To answer my questions, I simply removed all qualities and properties that derive from space or time. There can surely be no size or shape where there is no space. Nor can there be any location. Whatever exists outside the universe can be neither here nor there. There can be no number without space, so existence must be absolute unity, undivided and indiscriminate, undifferentiated, an absolute one without other. Multipicity is impossible. Without time, there can be no change, no motion; no process or activity may occur. Existence must be immutable. Because it cannot change from one state to another, there can be no beginning or end of this existence. Such an existence may be or it may not be, but if it is not it cannot become, and if it is it may never cease. Therefore it is a necessary existence, an existence that is completely explained by the very nature of its being.

So you see, existence outside of time and space may only be described by the same terms that mystics have for ages used to describe (especially the monist) God.

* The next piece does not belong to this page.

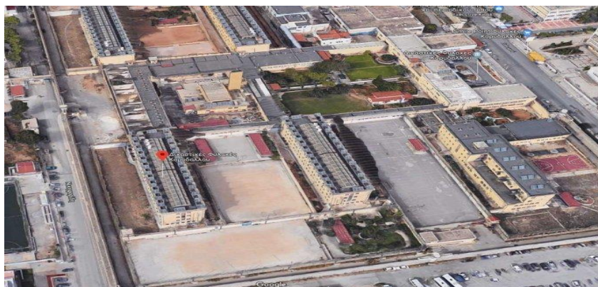
Εικόνα 7 Φυλακές Κορυδαλλού (αεροφωτογραφία).

Οι φυλακές στον Δήμο Κορυδαλλού καταλαμβάνουν χώρο 130 στρεμμάτων, όπου 76 περίπου στρέμματα είναι οι Ανδρικές Φυλακές, 25 στρέμματα οι Γυναικείες Φυλακές και 28 στρέμματα το Αναμορφωτήριο, και τα εν λόγω στρέμματα έχουν χαρακτηριστεί ως εκτός εγκεκριμένου σχεδίου. Το Γενικό Πολεοδομικό Σχέδιο του Κορυδαλλού εισηγούνταν μεγάλο χρονικό διάστημα την απομάκρυνση των Φυλακών με σκοπό την παράλληλη δημιουργία κοινωφελών χρήσεων στον χώρο που θα απομείνει, απελευθερώνοντας εκτάσεις από το ήδη εγκεκριμένο Ειδικό Πλαίσιο Χωροταξικού Σχεδιασμού και Αειφόρου Ανάπτυξης για τα Σωφρονιστήρια.

I found this insight to be quite striking. Outside of space and time, everything exists in the same "here" of space and the same "now" of time. This necessarily gives existence the character of potentiality, hidden and latent. Then, in the space-time bubble of the universe, all this existence, all this potential being is distributed across space and time so that it all has a given location in a given span of time. Thus unity is revealed as multiplicity, dynamic diversity and flux.

Is this not an intriguing happenstance? Perhaps what some of us have seen all throughout our history, and to which we have given the name, God, has been that essential truth of our reality: that all multiplicity derives from absolute unity.

There is a mantra to this effect...

All that is is God.
God is all that is.
Nothing is that is not God.
What is not God is not.

Samm
 
jeeprs
 
Reply Mon 8 Mar, 2010 07:38 pm
@Reconstructo,
Beautiful thought indeed. Thank you. Actually that last verse of yours is very much like something from The Parmenides. So it is not only Eastern, this insight. It is amazing that the ancient sages had this insight into the very origins of everything.